• Information provided:
******************************

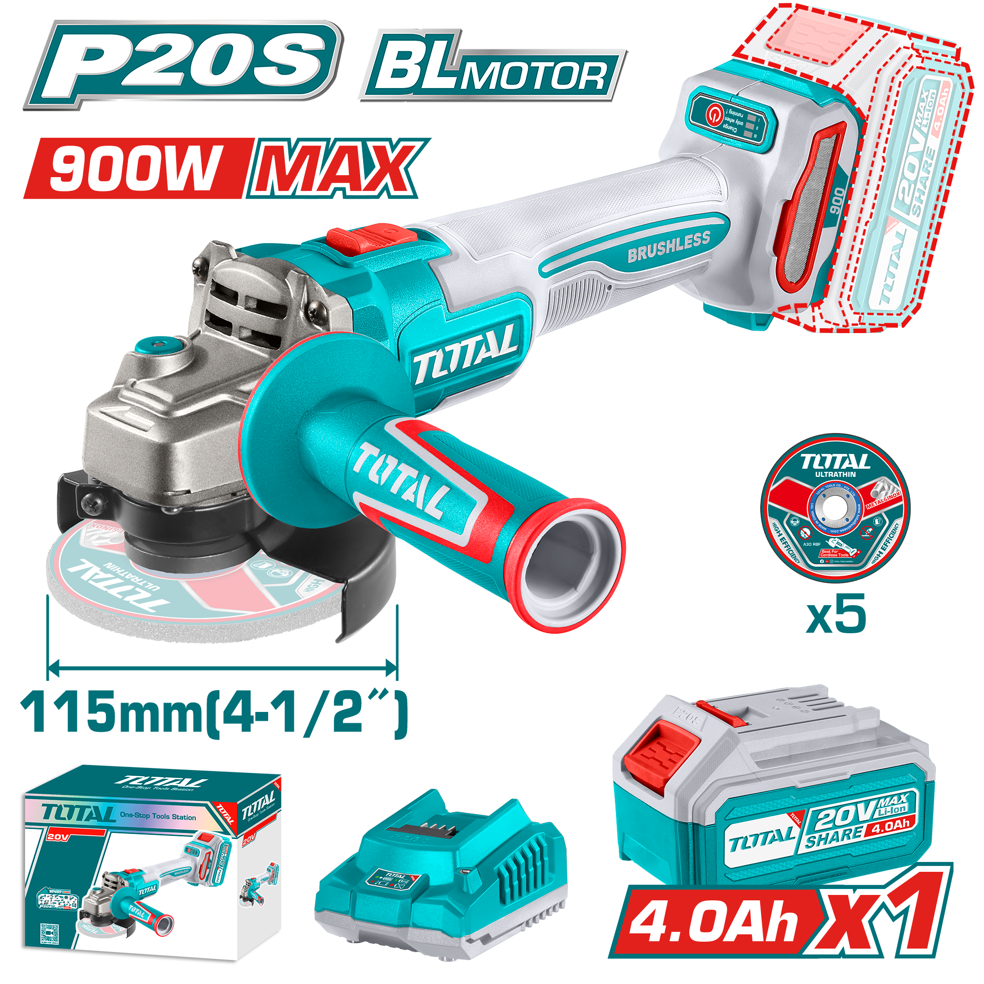 AMOLADORA A BATERIAS 20V 115MM (900W MAX) BL (CAJA CARTON) - BAT/CAR - TAGLI261521 - TOTAL
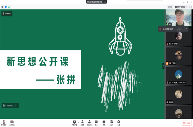 2022年5月12日19点,我系团总支在线上举办了新思想公开课,本次公开课由系团总支秘书长王雨阳主持,19级张拼学长主讲。我系团总支全体成员参加了本次公开课。
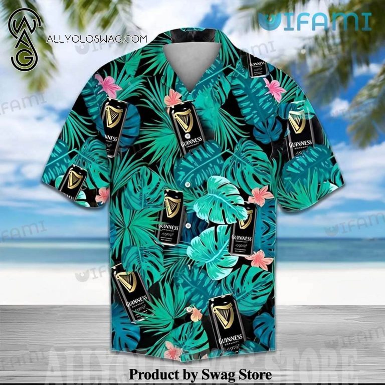 [Top-selling] Guinness Tropical Leaves Cans Guinness Beer Gift Hawaiian Shirt was hand-tailored in the early days of fashion. This might happen in the comfort of one’s own home or at a custom tailor’s business. These stores immediately sprang up all across the islands, especially in plantation towns and Honolulu. Newly accessible fabrics from throughout the world were sold at dry goods stores, including printed silk from Japan, raw silk, batik, and rayon from the United States mainland, and cotton cloth for kimonos and yukatas.Hawaiian history had long been shaped by Asian immigrants, and apparel designs reflected this. Short- and long-sleeved shirts, as well as women’s skirts, were created using pre-printed textiles from China and Japan and were based on Asian clothing styles. These bright blouses and dresses were the forerunners of today’s Aloha attire. On the islands, we say “ono” to describe something that is pleasantly cool.
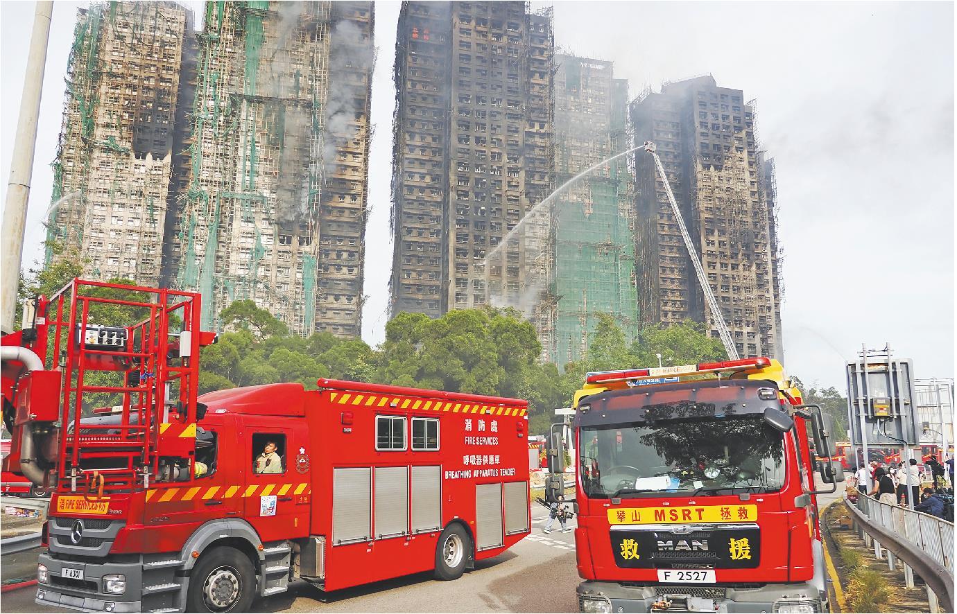 这是11月27日拍摄的香港新界大埔区宏福苑火灾救援现场。(□新华社发)

******************************

• Your goal: Nothing but the listing, copied exactly and stripped of its images, should appear in the response.

• Result of this exercise:
 AMOLADORA A BATERIAS 20V 115MM (900W MAX) BL (CAJA CARTON) - BAT/CAR - TAGLI261521 - TOTAL
 2022年5月12日19点,我系团总支在线上举办了新思想公开课,本次公开课由系团总支秘书长王雨阳主持,19级张拼学长主讲。我系团总支全体成员参加了本次公开课。
 [Top-selling] Guinness Tropical Leaves Cans Guinness Beer Gift Hawaiian Shirt was hand-tailored in the early days of fashion. This might happen in the comfort of one’s own home or at a custom tailor’s business. These stores immediately sprang up all across the islands, especially in plantation towns and Honolulu. Newly accessible fabrics from throughout the world were sold at dry goods stores, including printed silk from Japan, raw silk, batik, and rayon from the United States mainland, and cotton cloth for kimonos and yukatas.Hawaiian history had long been shaped by Asian immigrants, and apparel designs reflected this. Short- and long-sleeved shirts, as well as women’s skirts, were created using pre-printed textiles from China and Japan and were based on Asian clothing styles. These bright blouses and dresses were the forerunners of today’s Aloha attire. On the islands, we say “ono” to describe something that is pleasantly cool.
 这是11月27日拍摄的香港新界大埔区宏福苑火灾救援现场。(□新华社发)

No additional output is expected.